The Court holds that where the reclaiming seller was not entitled to reclaim goods sold because its interest was defeated by a buyer in the ordinary course of business or by a security interest holder, the seller is not entitled to an administrative expense priority. See McCain Foods, Inc. v. Flagstaff Foodservice Co., 14 B.R. 462 (Bkrtcy.S.D.N.Y.1981) and Dopps v. Coast Trading, supra. Nor, as held by the Court in Clayton v. Coast Trading Company, 31 B.R. 674, No. 82-0422 (Bankr.Crt.D.Ore. June 1983), does the mere happenstance of delivery after the filing of the Chapter 11 under a prepetition contract create a post-petition contract or transaction between the seller and the debtor in possession entitling the former to an administrative priority in the Chapter 11. Nor does failure to pay or the dishonor of a draft prevent Coast from conveying good title to a good faith purchaser for value in the ordinary course of business. In re Samuels, 526 F.2d 1238 (5th Cir.1976).
On April 13, Coast sent a letter to Collingwood endeavoring to cancel the contracts which involved the aforesaid deliveries in Arizona. The grain had already been delivered to the consignees designated by Coast and represented by separate resale contracts between Coast and said consignees. Coast had attempted to pay for the grain but the bank had seized the deposits of Coast under a claim of setoff and the drafts were not honored. It was, however, too late for Coast to cancel or reject the contracts. Both such attempted cancellation and the later alleged resale of grain to Collingwood were apparently caused by legal confusion in the Chapter 11 and were meaningless and ineffective.
*680 Collingwood argues that The Bank of Nova Scotia should not be treated as a "good faith purchaser" whose rights come ahead of a reclaiming seller because the bank's security interest is not perfected. The Court holds that perfection is not necessary in order to become a good faith purchaser. In Guy Martin Buick, Inc. v. Colorado Springs National Bank, 519 P.2d 354 (Colo.App.1974), the Court stated that:
"The declared policy of the Colorado Uniform Commercial Code requires that a security agreement shall be effective between the parties and against other parties, except as is specifically provided otherwise in the Code. C.R.S.1963, XXX-X-XXX. The priority provisions of the Code delineate which interests in goods are superior to unperfected security interests. C.R.S.1963, XXX-X-XXX. The right to reclaim goods conveyed as part of a cash sale transaction created by C.R.S.1963, XXX-X-XXX(2), is not one of the interests which is listed as having priority over an unperfected security interest. Therefore, the bank's unperfected security interest, under the facts presented in this case, had priority over Guy Martin Buick's right to reclaim the automobiles."

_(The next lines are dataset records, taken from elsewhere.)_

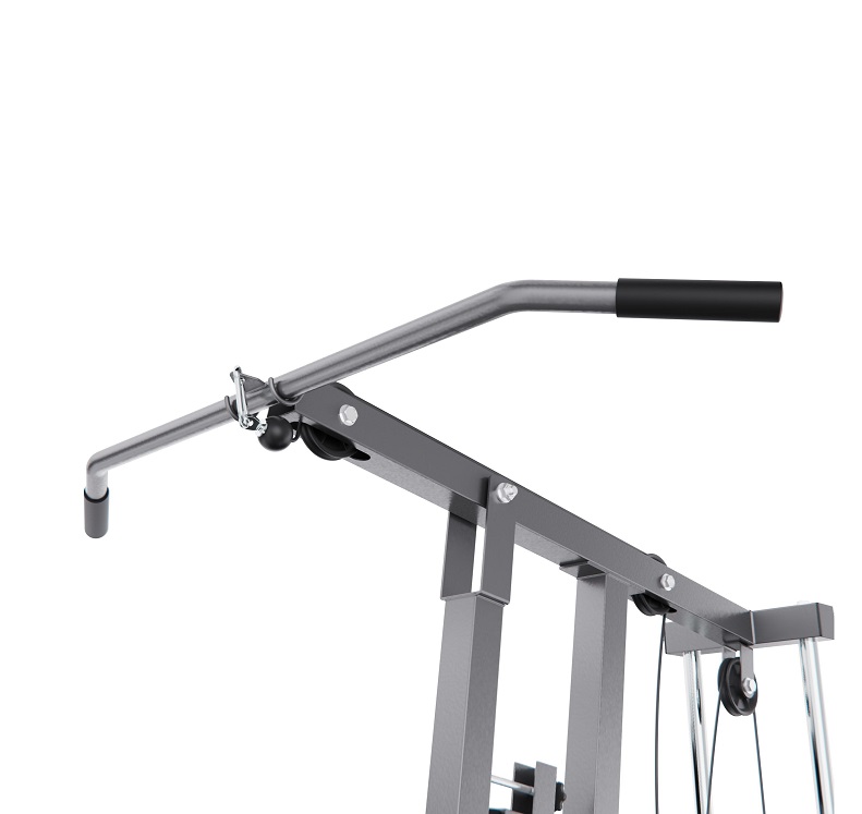 Многофункциональный силовой комплекс позволяет выполнять упражнения на грудь, спину, плечи, руки, пресс и ноги. В оснащение входят верхняя и нижняя тяга, а также тренажер «бабочка», что значительно расширяет возможности тренировок. Нижний валик предназначен для фиксации ног и выполнения упражнений на разгибание и сгибание, а также обеспечивает устойчивое положение тела при работе с верхней тягой.
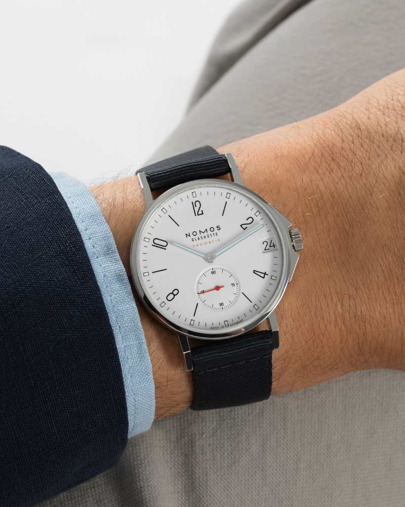 简约不等于单调,NOMOS 深谙其道。全新 Ahoi neomatik 38 date,以纯白表盘带来清新明亮的观感,为日常穿搭增添百搭选择。
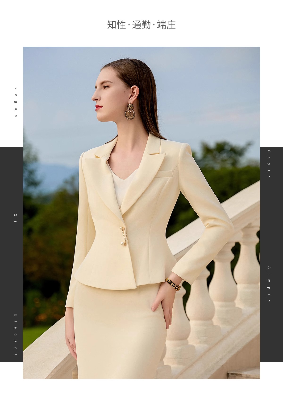 浅色职业装正装女西装套装裙正式场合前台工作服气质女神范西服
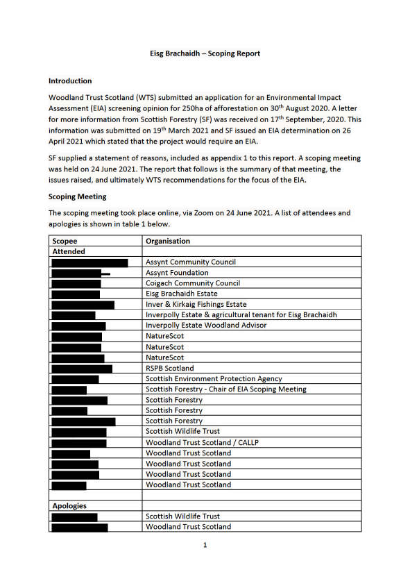 Scoping Report Minutes & Appendices for proposed afforestation at Eisg Brachaidh Estate, by Ullapool.
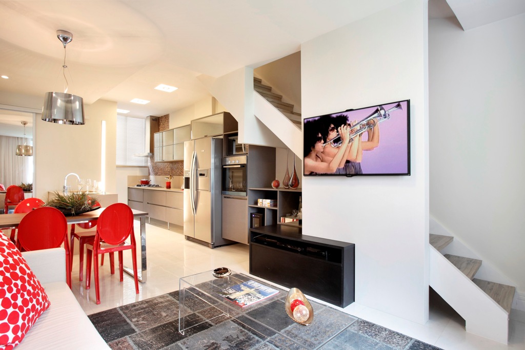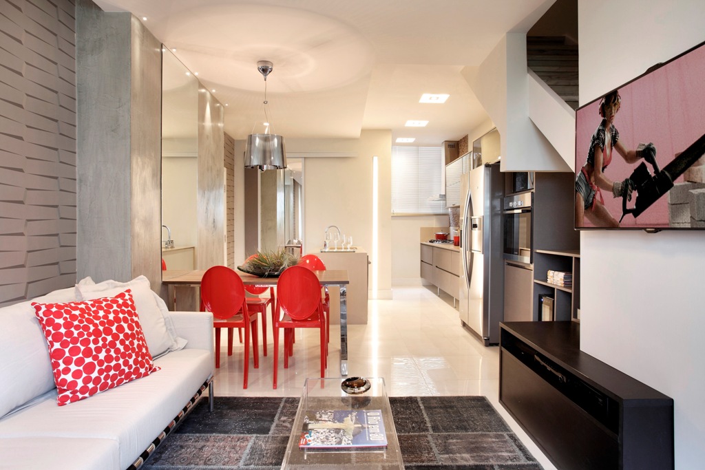 Este apartamento de 66 mts2 duplex localizado em Copacabana foi projetado para uma moça de 32 anos solteira que adora receber os amigos em casa, porém uma de suas necessidades era elaborar os pratos e dar atenção ao mesmo tempo aos seus convidados.

The security interest of The Bank of Nova Scotia, through The Oregon Bank which held a general lien on all assets and through its own security agreement on accounts receivable, attached upon delivery of the grain before reclamation, but The Bank of Nova Scotia has agreed that any interpleaded funds to which it may be entitled may be paid to Coast.
The Court, therefore, concludes that judgment should be entered for defendants as to all cars except Car SSW 77602 delivered on April 15, and that plaintiff is entitled to $11,190.39 plus a pro rata share of any interest accumulated since Pinal Feeding paid the funds into Court and that defendant, Coast Trading Company, Inc., is entitled to the balance of the interpleaded funds held by the Clerk of the Bankruptcy Court in this adversary proceeding.